If the 3 yo is hitting you need to be consistant with consequences, whether thats time out, no t.v time, no treats/pudding etc.

It sounds like you do this already but make sure they are getting lots of physical activity everyday.

Hang on in there before you know it they will be off to school Grin

BlackeyedSusan · 17/06/2013 23:18

if you think the gp got it wrong.
go on a parenting course.
implement the strategies they suggest. (if it works fantastic)
if it does not work, go back to a different gp and ask for a referrl, stating that you have done a parenting course and that there are still problems.

(for a start, try a 1 minute quiet time in the room where he has to sit quietly if getting a bit boistrous followed by a time out for repeated behaviour it does take ages to work.)

praise good behviour a lot.

feed then regularly. ds is awful with low bloodsugar.
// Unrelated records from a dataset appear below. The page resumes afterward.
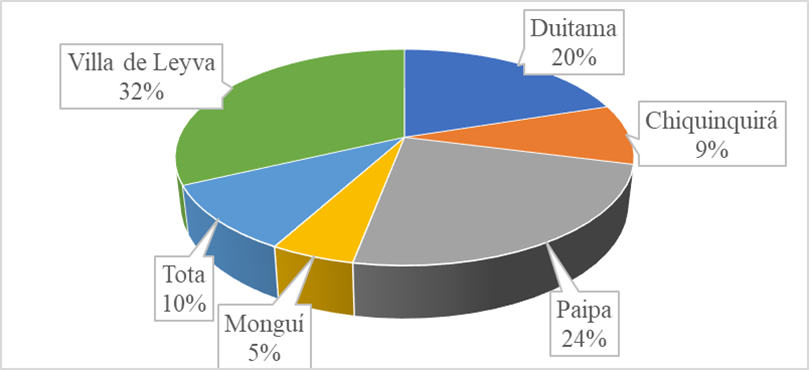 In the analysis of the data provided on the percentage distribution of the population in various municipalities, there is a notable demographic disparity among them. Villa de Leyva stands out with 31%, consolidating itself as the locality with the highest population concentration compared to the others. It is followed by Paipa, with 24%, and Duitama with 20%, forming an intermediate group in terms of population. In contrast, Tota and Chiquinquirá have more modest percentages, with 10% and 9%, respectively, suggesting a lower population density in these areas.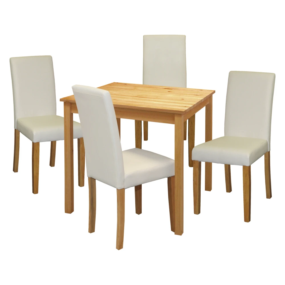jídelní stůl 8842 a 4 jídelní židle PRIMA 3037 stůl masiv borovice, lakované provedení židle nohy z masivu, barevné provedení čirý lak potah kůže – imitace, barevné provedení bílá, výška sedu 47 cm rozměr stolu (š/h/v) 75 × 75 × 73 cm, rozměr židle (š/h/v) 42 × 48 × 92 cm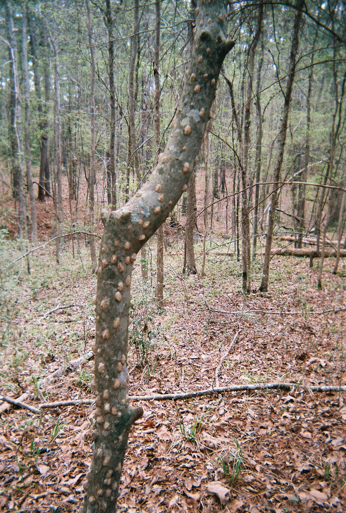 "Examples of the toothache tree are seen around the Emanis property. According to home remedies, if chewed, something in the tree would deaden the inside of the mouth to relieve toothache. I think this in interesting and wonder what other plants around here were used as remedies."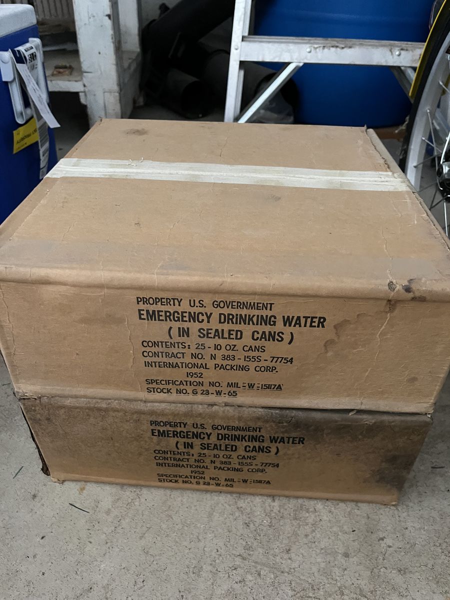 Two unopened 1952 Vintage Government Emergency Drinking Water for sale cans and boxes in great condition asking $100 a case also have a open case willing to sell individual cans.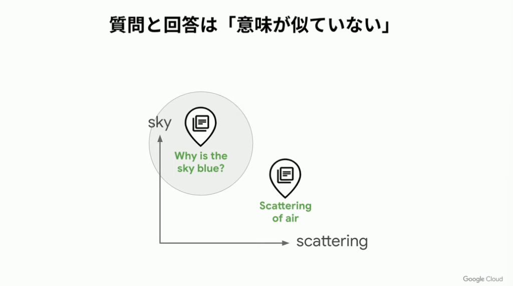 「なぜ空は青いのか?」をエンベッディングしたベクトルと「空気の散乱」をエンベッディングしたベクトルの間類似度は小さいものになり、うまく答えを取得することができないのです。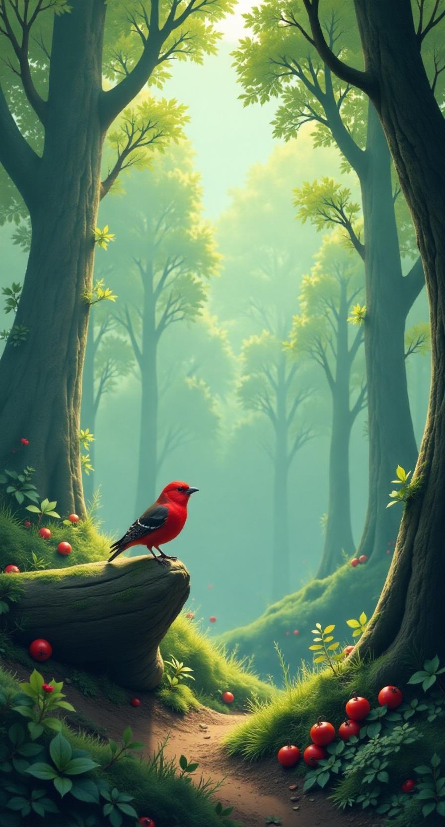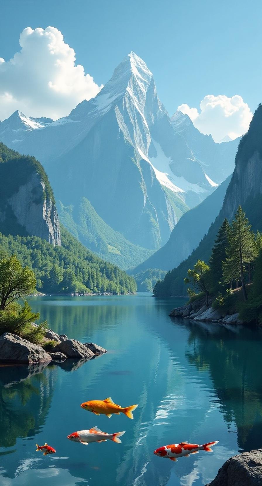 上联:山溪水涨潭鱼跃;白云邀对。下联:林间鸟鸣林果香;青松伴对。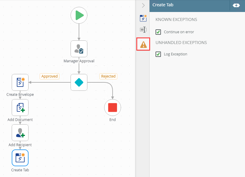 - The exceptions in the table above is an example of those available in Workflow steps. The exceptions available depend on the Workflow step used in the design canvas.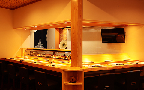 一階のカウンター席は7名様までご利用いただけます。職人の手捌きを目の前で楽しめる特等席です。お一人様や少人数でのデートに最適で、新鮮な握りを出来立てでお召し上がりいただけます。極上の寿司を心ゆくまでご堪能ください。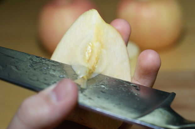 1. Tome tres manzanas y cortarlas en cuartos.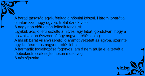 A másik barát villanyszerelő, ő áramot vezetett az ágyba, szerinte egy kis áramütés nagyon tréfás lehet.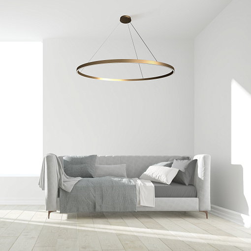 Материал арматуры — алюминий, оттенки — черный, латунь. Актуальная форма окружности. Положение колец подвесных моделей регулируется. Бра с источником света, направленным на стену — трендовая отраженная подсветка. Интегрированные LED-источники света. Цветовая температура 3000К или 4000К – устанавливается на этапе монтажа. Диммируемая яркость.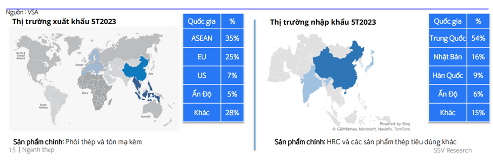 Tuy nhiên ngành thép Việt Nam 10 tháng đầu năm 2023 vẫn đạt được kết quả tích cực từ hoạt động xuất khẩu khi sản lượng xuất khẩu sắt thép các loại đạt trên 9,1 triệu tấn, tăng trưởng 30,7% so với cùng kỳ năm 2022. Trong đó có tháng 5 và tháng 6 Việt Nam trở thành quốc gia xuất siêu thép với sản lượng xuất khẩu sắt thép đạt trên 1 triệu tấn.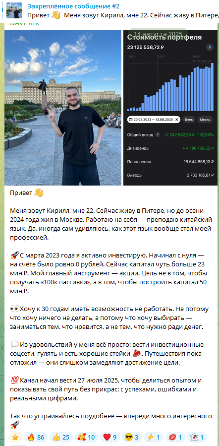 Автор ведет блоги в различных социальных сетях: ФинБазар, Смарт-Лаб, Телеграм и др. Кирилл заявляет, что в 22 года смог заработать миллионы, но не за счет трейдинга, а благодаря знанию китайского языка, который он изучал с детства. Заработок он вложил в инвестиции, а к 30 годам планирует выйти на пассивный доход.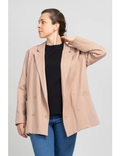 "I am Rose", une veste tailleur. Avec sa coupe légèrement oversize, elle incarne un style garçonne qui reste toujours tendance. Elle est à la fois confortable et élégante, une pièce incontournable pour une garde-robe moderne. Elle a un col tailleur, un double boutonnage, une poche passepoilée droite, et elle est entièrement doublée. Elle se décline aussi en manteau long jusqu’à la cheville, avec une poche passepoilée oblique. Toutes les versions de "I am Rose" se déclinent aussi en versions sans manches.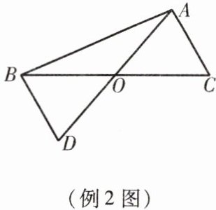 例2 如图,AO是△ABC的中线,延长AO到D使DO= AO,连接BD. 问:图中是否存在着图形的某种对称关系?如果有,指出是哪些图形之间成何种对称,并说明理由.

firm hugs and rocking back and forth bring down overstimulated children. lots of spinning /random movements excites children.

cestlavielife · 18/06/2013 12:09

ask hv to refer you to parenting courses to get some ideas.

take up nursery place for three year old.

if family wont cant help seek other help eg funded nursery placements, any help on offer locally via hv.

your children are just children they dont have malicious intent... but it sounds like you do need some support and help. tell hv you really need some help. there is help available if you ask for it.